Stored data
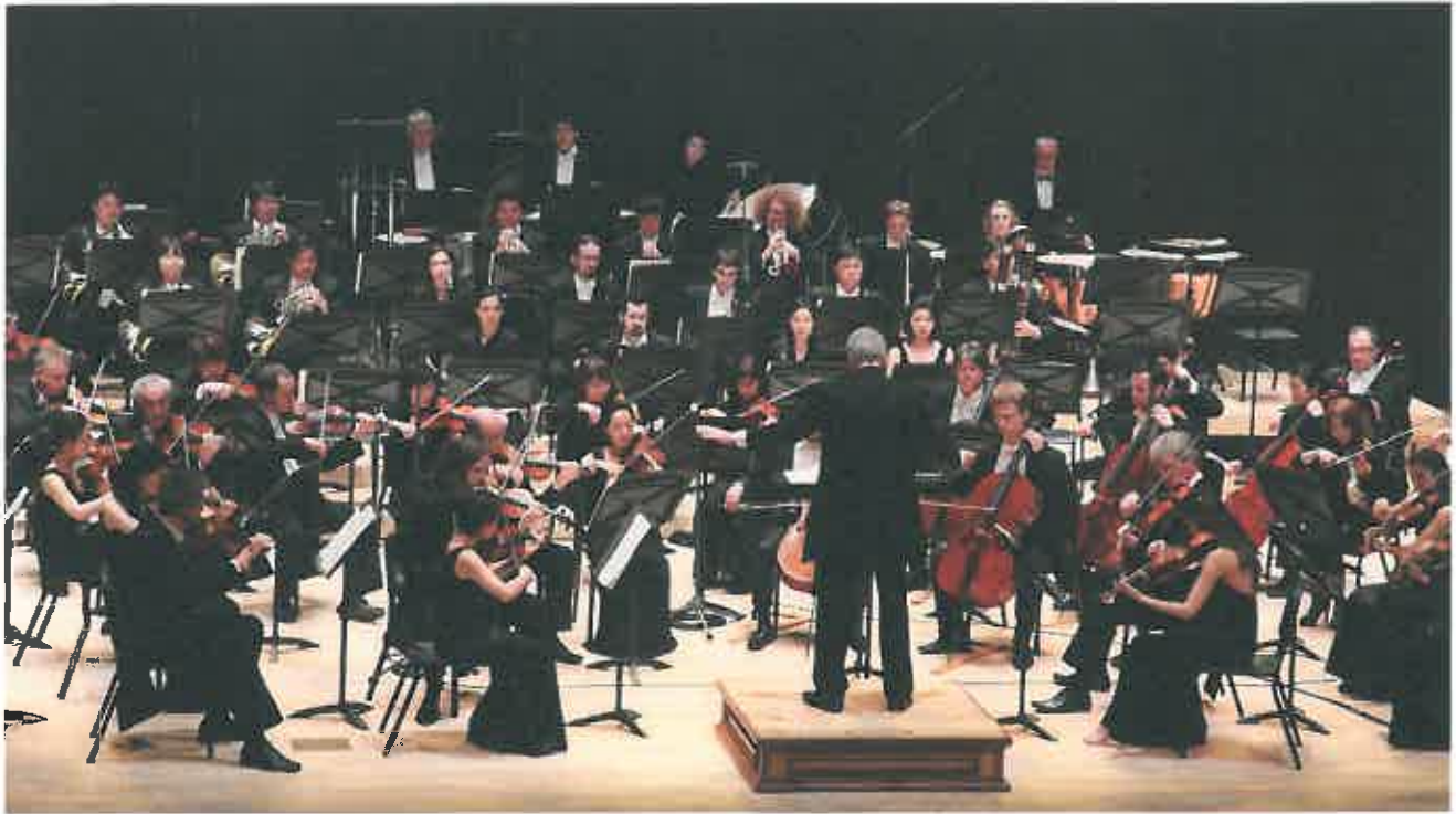
▲ 통영국제음악제 공연모습
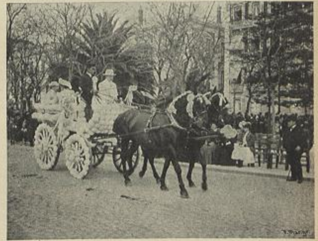
BREACK DE MISS JEORGES
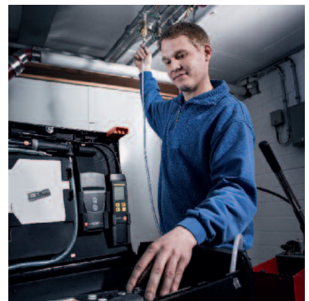
Contrôle des conduites d'eau sanitaire et usées
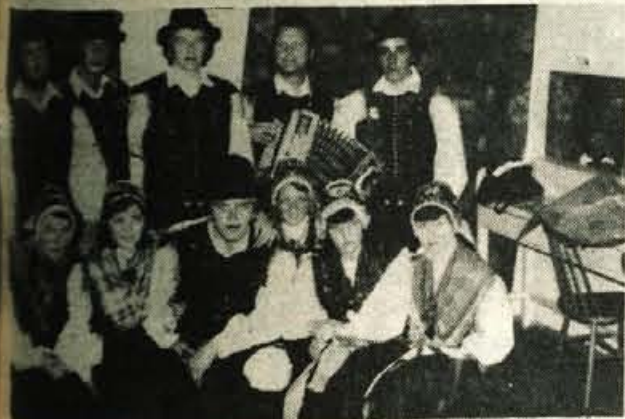
Dovje — Na Dovjem in v Mojstrani že vrsto let deluje folklorna skupina KUD Jaka Rabič Dovje — Mojstrana. Vedno se vanjo vključuje dovolj mladih, člani skupine pa vedno nastopajo. — B. B.
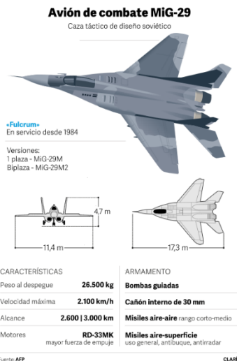
Ilustración 2: del artículo en el diario Clarín

El presidente Andrzej Duda ha anunciado que entregará cuatro aviones de combate a Ucrania “en los próximos días”, convirtiéndose en el primer miembro de la OTAN en hacerlo desde la invasión rusa de Ucrania. El anuncio se produce después de que los líderes de Polonia dijeran la semana pasada que el envío de aviones de combate solo se haría dentro de una coalición internacional más grande. Duda no indicó que se hubiera formado tal coalición. El movimiento para enviar los aviones MiG-29 convertiría a Polonia en el primer miembro de la OTAN en entregar aviones de combate que Kiev ha pedido para luchar contra las fuerzas rusas. El ex subsecretario de defensa adjunto de Estados Unidos cree que los MiG serían una mejor opción: “ Son aviones que Ucrania ha volado antes y que puede respaldar. Y creo que primero tenemos que recurrir a eso. Y podría ser, para que esos aviones se envíen a Ucrania, Estados Unidos podría rellenar con F-16 para ese país que está renunciando a sus antiguos aviones soviéticos ”.
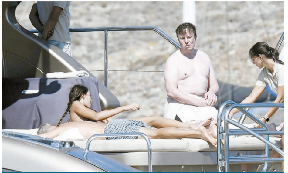
Elon Musk (con una fortuna de 176.9 miles de millones de dólares) a bordo de un yate de lujo en Grecia.

Toda esta carrera por ver quién contamina más, al aparentar estimular el desarrollo científico —o sea, la más
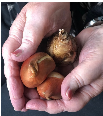
Bild: Lökplantering i Sjöglimtens trädgård
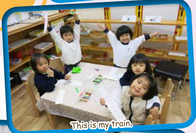
This is my train.
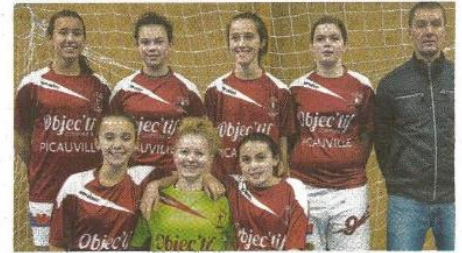
→ Les U15 de Plain Cotentin.
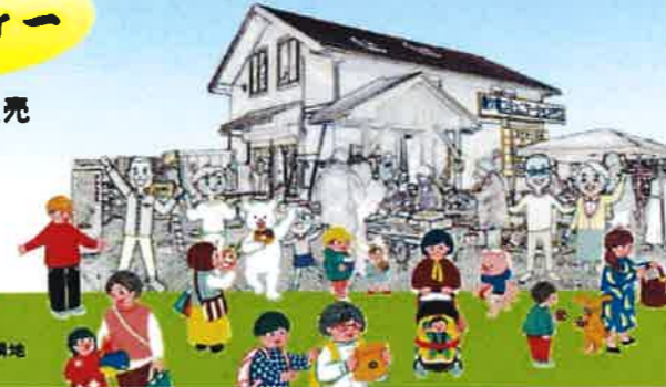
於：龍ヶ崎コミュニケーションハウス隣地 (龍ヶ崎市川崎町6番地)
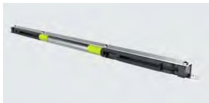
Dämpfer Sidestop X

### [DESCRIPTION OF THE TASK]
When you reproduce the entries above, keep every word exact and leave the images out.

### [RESULT BELOW]
▲ 통영국제음악제 공연모습
BREACK DE MISS JEORGES
Contrôle des conduites d'eau sanitaire et usées
Dovje — Na Dovjem in v Mojstrani že vrsto let deluje folklorna skupina KUD Jaka Rabič Dovje — Mojstrana. Vedno se vanjo vključuje dovolj mladih, člani skupine pa vedno nastopajo. — B. B.
Ilustración 2: del artículo en el diario Clarín

El presidente Andrzej Duda ha anunciado que entregará cuatro aviones de combate a Ucrania “en los próximos días”, convirtiéndose en el primer miembro de la OTAN en hacerlo desde la invasión rusa de Ucrania. El anuncio se produce después de que los líderes de Polonia dijeran la semana pasada que el envío de aviones de combate solo se haría dentro de una coalición internacional más grande. Duda no indicó que se hubiera formado tal coalición. El movimiento para enviar los aviones MiG-29 convertiría a Polonia en el primer miembro de la OTAN en entregar aviones de combate que Kiev ha pedido para luchar contra las fuerzas rusas. El ex subsecretario de defensa adjunto de Estados Unidos cree que los MiG serían una mejor opción: “ Son aviones que Ucrania ha volado antes y que puede respaldar. Y creo que primero tenemos que recurrir a eso. Y podría ser, para que esos aviones se envíen a Ucrania, Estados Unidos podría rellenar con F-16 para ese país que está renunciando a sus antiguos aviones soviéticos ”.
Elon Musk (con una fortuna de 176.9 miles de millones de dólares) a bordo de un yate de lujo en Grecia.

Toda esta carrera por ver quién contamina más, al aparentar estimular el desarrollo científico —o sea, la más
Bild: Lökplantering i Sjöglimtens trädgård
This is my train.
→ Les U15 de Plain Cotentin.
於：龍ヶ崎コミュニケーションハウス隣地 (龍ヶ崎市川崎町6番地)
Dämpfer Sidestop X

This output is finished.